Eve Mitchell, +44 (0) 7962 437 128, emitchell@fweurope.org
Gabriella Zanzanaini, +32 488 409 662, gzanzanaini@fweurope.org
A new report and seafood-buying guide released today by Food & Water Europe shows that consumers can't always rely on labels if they want to buy sustainably. In fact, determining which seafood products are best for you and our planet can be a difficult job. A number of private fish certification programs boast reliable standards and labels to evaluate and market seafood as "environmentally friendly" or "sustainably produced", but what they don't tell you is at least as important as what they do, and that's where things get tricky for conscientious shoppers.
The new report De-Coding Seafood Eco-Labels: Why We Need Public Standards compares and contrasts existing private certifications including those of The Marine Stewardship Council, Global Aquaculture Alliance, and Friends of the Sea. It finds that a lack of meaningful official labelling standards has allowed private eco-labels to capture large portions of the market, but that these are not adequate indicators of sustainable seafood choices for consumers, restaurants or retailers, and in fact can contradict one another.
"People often think that if they buy seafood with an eco-label, it's automatically a good choice," said Wenonah Hauter, Executive Director of Food & Water Europe. "Unfortunately, these certifications don't assure that the product consumers are getting is actually eco-friendly, or that companies are improving their behaviour."
An analysis of many eco-labels found inadequacies with regard to environmental standards, social responsibility and community relations, labour regulations, international law, and transparency. Some of the findings include:
Flawed fisheries are often certified. Some programs use their eco-label as incentive for a fishery or farm to make improvements. However, consumers have no way of knowing if the fish they are eating comes from a fishery that has merely pledged improvements or one that meets all the criteria for an eco-label. Some critics have claimed that in many cases, few improvements are made after certification.
Conflicts result from labels used for marketing purposes. Eco-labels are often predominantly used as a marketing tool. Certifiers are reliant upon increasing the number of fisheries certified in order to continue building their name and market share--an inherent conflict that can result in objectionable certifications.
Carbon footprints are often not considered. Most eco-labels fail to include "food miles" in their standards. New Zealand hoki, therefore, can be eco-labelled for sale in San Francisco.

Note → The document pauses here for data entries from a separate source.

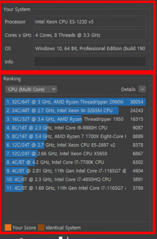 테스트가 끝나면 왼쪽에 점수가 표시되고, 하단의 Ranking 목록에서 내 CPU가 대략 어느 위치인지 확인할 수 있습니다. 하지만 이 내장 랭킹은 CPU 종류가 한정적이라, 더 정확한 비교를 하려면 온라인 데이터베이스를 참고하는 게 좋습니다.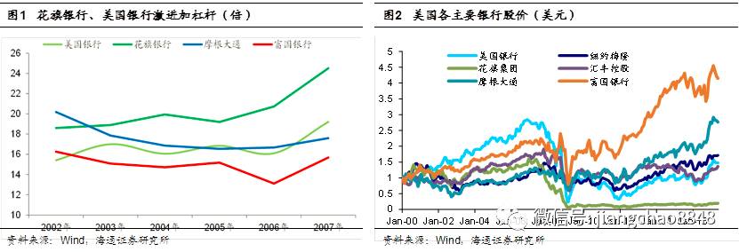 06/07年:富国银行主动收缩。再从金融行业来看,将会出现大浪淘沙的过程,那些没有节制,疯狂扩张的银行将会吃下苦果,但是能够逆势而为,主动收缩规模的银行,将有希望发展壮大。美国金融危机前后的富国银行和花旗银行就形成鲜明反差,花旗银行危机前激进经营、杠杆高企、再也没有恢复元气,而富国银行主动收缩业务,压缩杠杆,结果最早从危机中复苏,股价创出新高。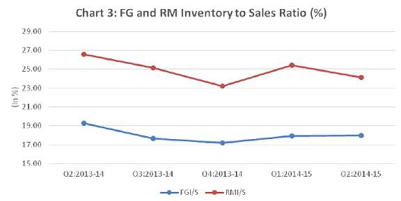 Inventory to Sales Ratio: The finished goods inventory to sales ratio remained flat in Q2:2014-15 and stood at 18.0 per cent, down from its level of the same quarter of the previous year (Chart 3). The raw material inventory to sales ratio declined in Q2:2014-15 on both q-o-q and y-o-y basis.

They don't meet FAO guidelines. The Food & Agriculture Organization (FAO) has standards for eco-labelling and certification programs, but an analysis shows them lacking in regard to FAO's standards on transparency, damage mitigation from pollution, and contribution to rural development and food security.
"Consumers aren't told that these labels often have a 'pay to play' aspect," said Eve Mitchell of Food & Water Europe. "A well-managed fishery that can't finance certification may not have an eco-label and still be the best choice, while one that is less sustainable could be certified because someone paid for it. As a result of this, labels can actually encourage consumers to buy less sustainable products, and it can be challenging for consumers to decipher whether labels are very meaningful. To us this is getting very close to actually misleading consumers, which must be dealt with officially."
The report concludes that the European Commission should 1) expand the information required on seafood labels to close current loopholes, and 2) fulfil their intention to ensure labels adhere to FAO guidelines by developing specific and clear interpretations of those guidelines, requiring all certifiers to adhere to them and enforcing those regulations.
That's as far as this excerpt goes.